Nella vicenda el gioielliere Mario Roggero, poi, la situazione è paradossale. La lega invoca la “legittima difesa” invocando l’applicazione di una norma che proprio la lega ha modificato nel 2019 e che, nel caso di Roggero, resta inapplicabile. Il presidente del Senato ritiene esagerata la pena comminata, ma anche quella non è una decisione arbitraria dei giudici che, anzi, hanno applicato un consistente sconto di pena riconoscendo le attenuanti. E poi, se la pena è inadeguata perché la Lega, al momento di modificare la legge, non è intervenuta anche sulla pena?
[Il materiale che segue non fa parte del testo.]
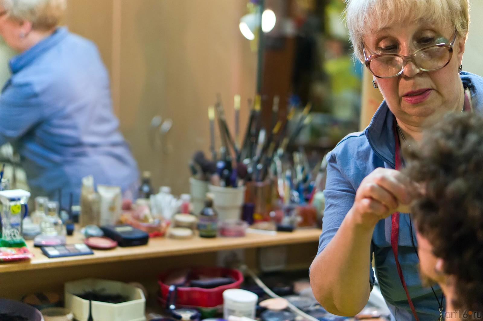 Фото №102148. Art16.ru Photo archiveТГАТОиБ повезло, уже сорок лет художником-гримером театра работает Сания Мавровская (родственница знаменитого художника Магдалены Мавровской). До прихода в театр она много ездила по Татарстану, участвовала в раскопках Болгара, там прошла серьезную “школу общения и общего развития”. Изучая на раскопках исторические пласты, Сания Мавровская все ближе и ближе подходила к делу своей жизни. И с 1972 года её жизнь тесно переплетена с казанским оперным. — Грим связан с историей. Меня больше привлекают исторические персонажи в гриме — поделилась Мавровская. Вот и сейчас она наносит грим «Наставника» Стасу Сырадоеву, заслуженному артисту РТ.

Il decreto anti maranza, poi, rivela che in tema di adolescenti le idee sono poche e ben confuse. La risposta è sempre la stessa: la repressione, alla quale  è attribuito un potere preventivo che le statistiche non riescono a dimostrare. Del resto, la repressione interviene dopo che un reato o un atto illecito è stato compiuto: non risponde ai bisogni di sicurezza, ma solo al desiderio di vendetta. Certo una massiccia applicazione, nel tempo, potrebbe avere un qualche potere deterrente, ma allora sarebbe necessario aumentare i presidi e il controllo nei diversi territori cosa che di solito non accade. I numerosi decreti governativi, così, finiscono con il somigliare ai pronuciamientos tipici dei piccoli dittatori dell’America Latina: annunci roboanti che non cambiano di nulla la realtà fattuale, anzi. Il promettere punizioni più rigide a fronte dell’incapacità di contenere la criminalità e applicare le sanzioni rende solo più evidente l’incapacità a governare.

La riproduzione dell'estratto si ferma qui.